She is sexually attracted to me. I know that for sure. When I wear nice clothes she says I look hot. Our sex life was very good until now she always wanted me and she gets jealous when other woman look at me or if she catches me perving on other woman.
I want to be in a relationship with her because when were not fighting we get along really well. She loves me and I love herr, shes just going through this phase at the moment, but even this morning in bed when she woke up she was all over me cuddling me, biting my neck and joking around.


----------



## Rogers (Aug 25, 2012)

_Posted via Mobile Device_
I don't know what to think anymore.
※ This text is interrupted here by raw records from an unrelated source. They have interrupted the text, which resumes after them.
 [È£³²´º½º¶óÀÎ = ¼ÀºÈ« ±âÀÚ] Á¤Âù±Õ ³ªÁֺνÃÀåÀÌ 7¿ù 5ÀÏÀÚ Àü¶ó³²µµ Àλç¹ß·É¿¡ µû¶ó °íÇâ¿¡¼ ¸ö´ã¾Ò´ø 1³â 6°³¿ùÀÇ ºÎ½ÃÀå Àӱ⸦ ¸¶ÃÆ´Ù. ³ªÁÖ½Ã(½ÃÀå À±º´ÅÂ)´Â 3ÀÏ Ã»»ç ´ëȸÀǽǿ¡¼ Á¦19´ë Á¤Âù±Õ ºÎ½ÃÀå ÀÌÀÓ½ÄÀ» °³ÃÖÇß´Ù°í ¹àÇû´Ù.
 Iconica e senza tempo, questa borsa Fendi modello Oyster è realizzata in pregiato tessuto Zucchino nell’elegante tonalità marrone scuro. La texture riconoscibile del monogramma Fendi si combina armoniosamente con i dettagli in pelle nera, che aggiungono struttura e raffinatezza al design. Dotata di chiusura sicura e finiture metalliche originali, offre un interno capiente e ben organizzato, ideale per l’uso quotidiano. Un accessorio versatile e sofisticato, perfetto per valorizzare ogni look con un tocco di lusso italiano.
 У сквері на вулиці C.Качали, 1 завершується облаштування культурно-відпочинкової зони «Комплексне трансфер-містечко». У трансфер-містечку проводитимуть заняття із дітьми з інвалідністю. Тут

We had a good day together today went out for the day and came home and watched a movie. I kept off her didn't smother her and at one stage she had her legs on mine. Then a bit later I rated my hand on her leg and she pulled it away quickly. When I asked her what was wrong she was very short with me and said its annoying. Them she complained that her legs were sore so i offered to rub them for her. Whilst doing this everytime I asked her if it was too hard or in the right spot she Woukd be very short with me. I asked her what was wrong and she said nothing in an angry voice. 
Then when we went to bed she cracked it with me for no reason. Said she was Sleeping upstairs and got very nasty with me. I asked her what was wrong and what had I done but she wouldnt reply and just ignored me. I followed her upstairs to try and find out what the hell I had gone wrong and she screamed at me and told me to get lost. 
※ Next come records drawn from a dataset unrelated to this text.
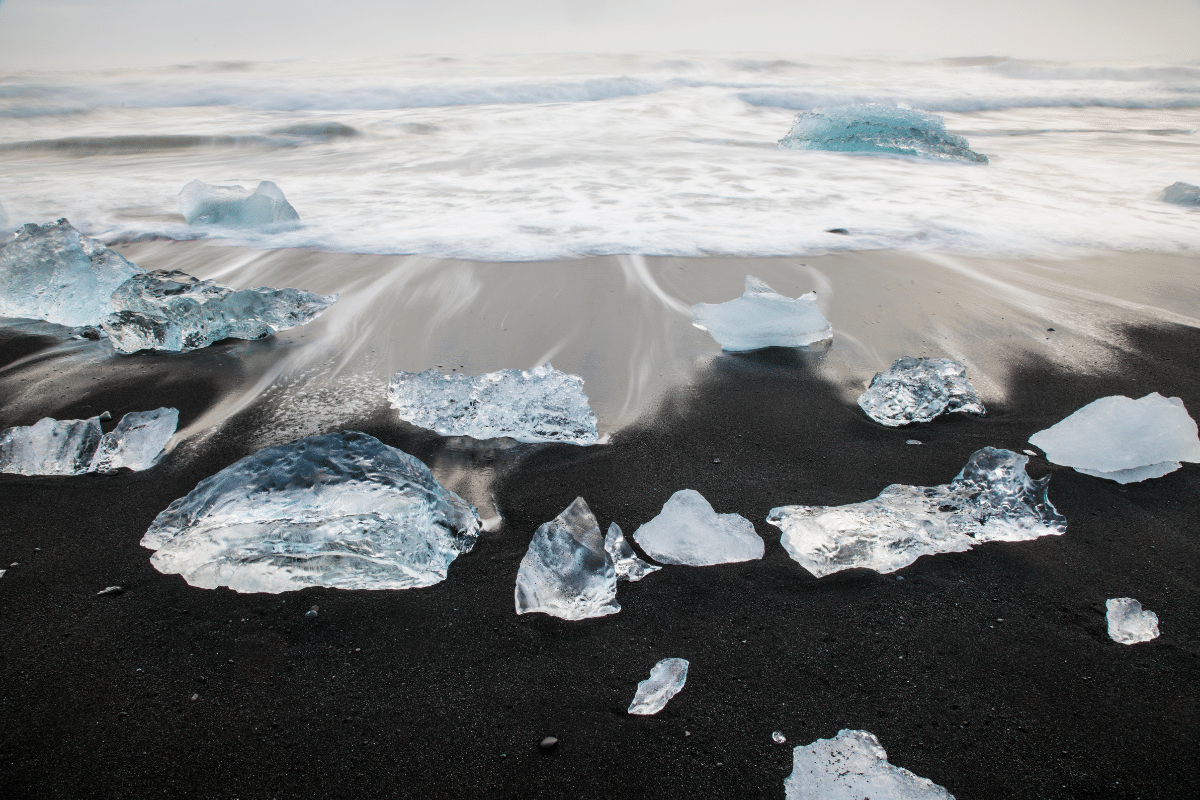 Kontrast między lśniącymi kawałkami lodu a czarnym piaskiem tworzy niesamowity, niemal surrealistyczny krajobraz. Lód przybiera różne kształty i rozmiary – od małych, przezroczystych kawałków przypominających kryształy, po ogromne bryły o błękitnym zabarwieniu. W zależności od światła, lodowe „diamenty” mienią się różnymi odcieniami, co czyni to miejsce wyjątkowo popularnym wśród fotografów.
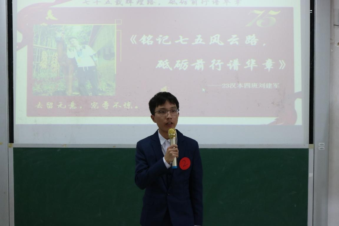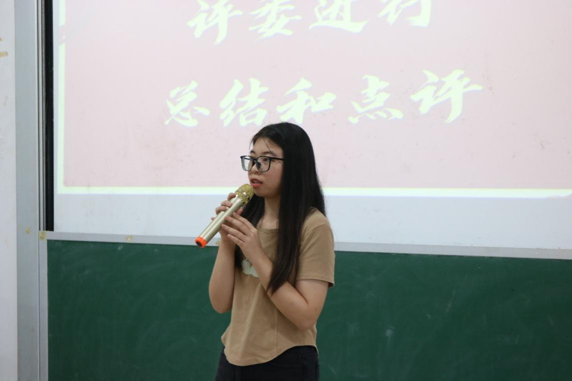 经过初赛的激烈角逐,共有九位选手进入决赛。演讲过程中,选手们用富有感情的声调诉说着于祖国七十五年伟大建设的骄傲与自豪。4号选手黄凯榆用其真挚的感情和临危不乱的强大心理赢得了评委和观众们的喜爱,通过她的演讲,同学们真切地感受到了中国在七十五年里的蜕变。在即兴演讲环节,9号选手王鑫抽到了“命运”这个话题,她以自己的演讲表现为例子,让评委和观众们看到了她的豁达与乐观的心态。在比赛过程中,还穿插了与观众互动的抢答环节,观众们非常热情,将现场的氛围烘托到了新的一个高潮。
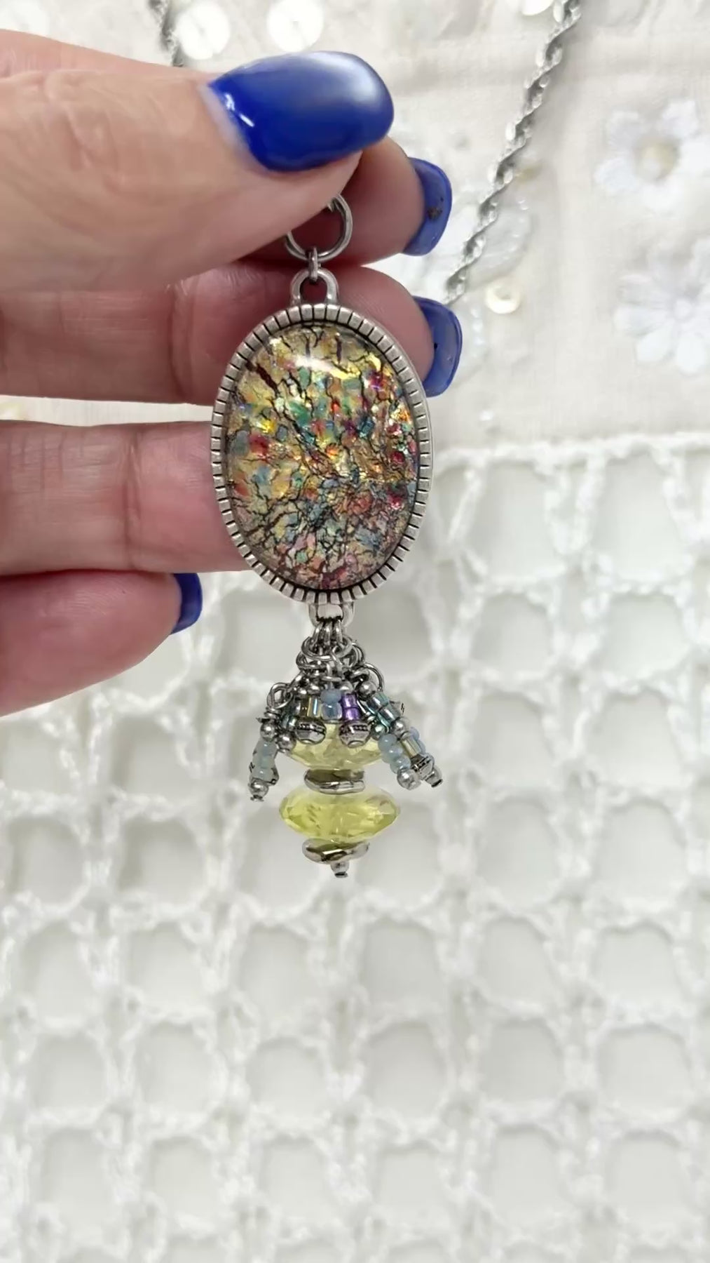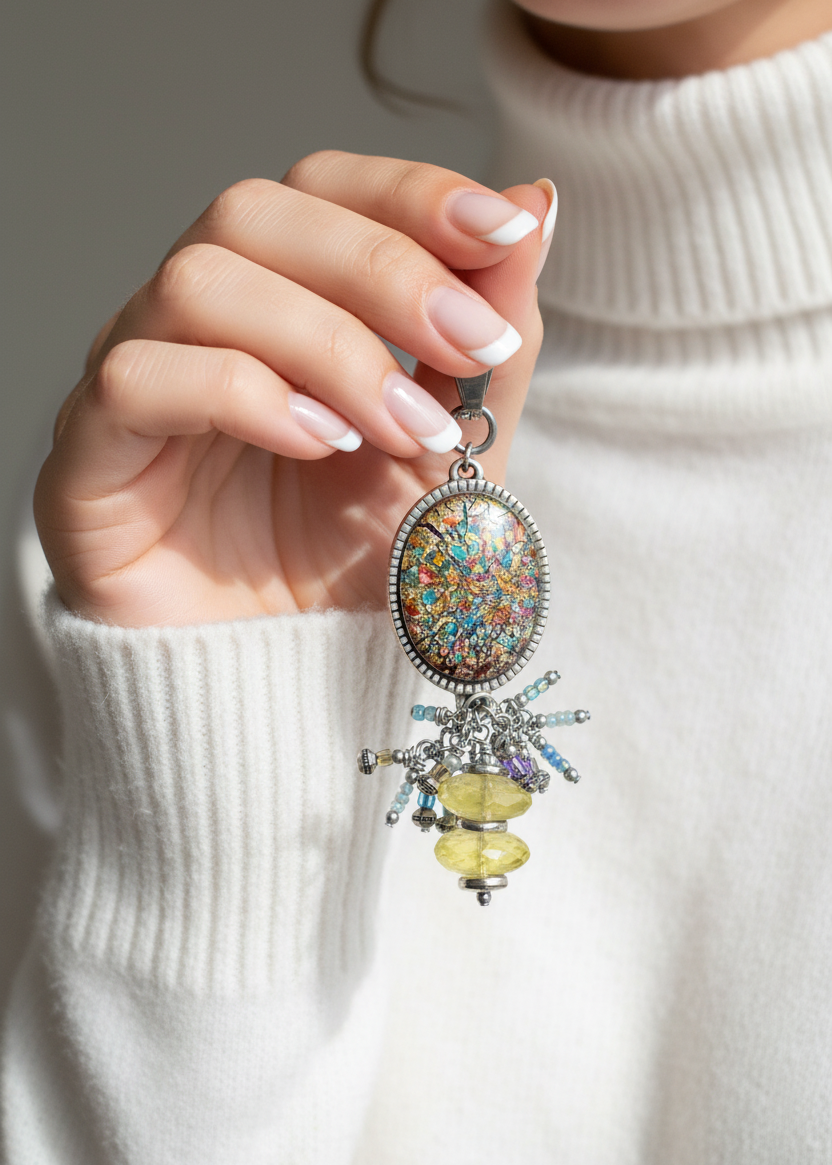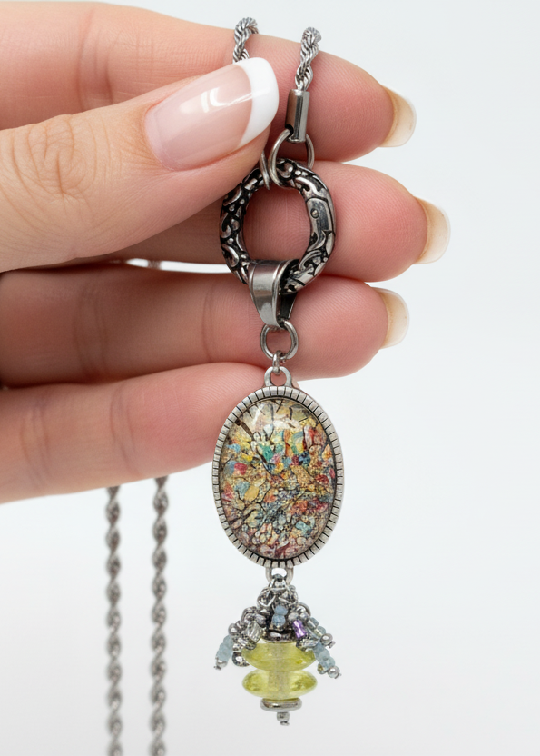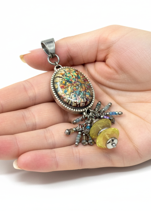 The pendant features a cascading cluster accented with citrine gemstone beads, charlotte cut glass seed beads, and rhodium-plated beads in silver, yellow, and teal tones — adding sparkle, shimmer, and lustrous dimension to every movement. This elegant, romantic pendant is as classy as it is artistic, with a sophisticated Victorian oval design that feels both spring-fresh and summer-bright — a stunning, feminine piece built with meticulous care.

I'm at a loss to understand what the hell is going on inside her head. Its as if she just hates me that much and despises me that she just cracks and has to let itbout. But then other times tells me she still loves me and wants us to work. I have no idea what she's really thinking.


----------



## Stonewall (Jul 5, 2011)

Rogers said:


> But when I have tried to push back and tell her no it just ends in more fighting. I told her that if she was going out tonight that i would too with a couple of mates and she got angry saying that maybe I might pick up a hot chick as were not together anymore. I know she was very jealous of the thought of me going out, but its okay for her to go out.
> I really dont know what shes thinking its like shes just trying to punish me and being very stubborn.


I understand what you are saying. My experience with the going out thing was exactly this. I let her go but really didnt like it and knew it was dangerous. years after the fact she told me that I should have told her no. That she needed me to say no. Knowing what i know now; if I were you I would say no and if you go anyway I will go out with my mates. If she does it then you follow through. Yes she will want to fight but you stay above that. When she tries to fight with you tell her that shes being disrespectful of you and it is unacceptable and you wont allow it. Then walk out.


----------



## Rogers (Aug 25, 2012)

Should I just give her am ultimatum and tell her she's got a week to decide if she wants this to work or I walk because I'm sick of the way she treats me? Last night was not called for I did nothing wrong. Gave her space didn't touch her or smother her and I get the feeling that's why she got angry because I didn't do what I normally do.
_Posted via Mobile Device_


----------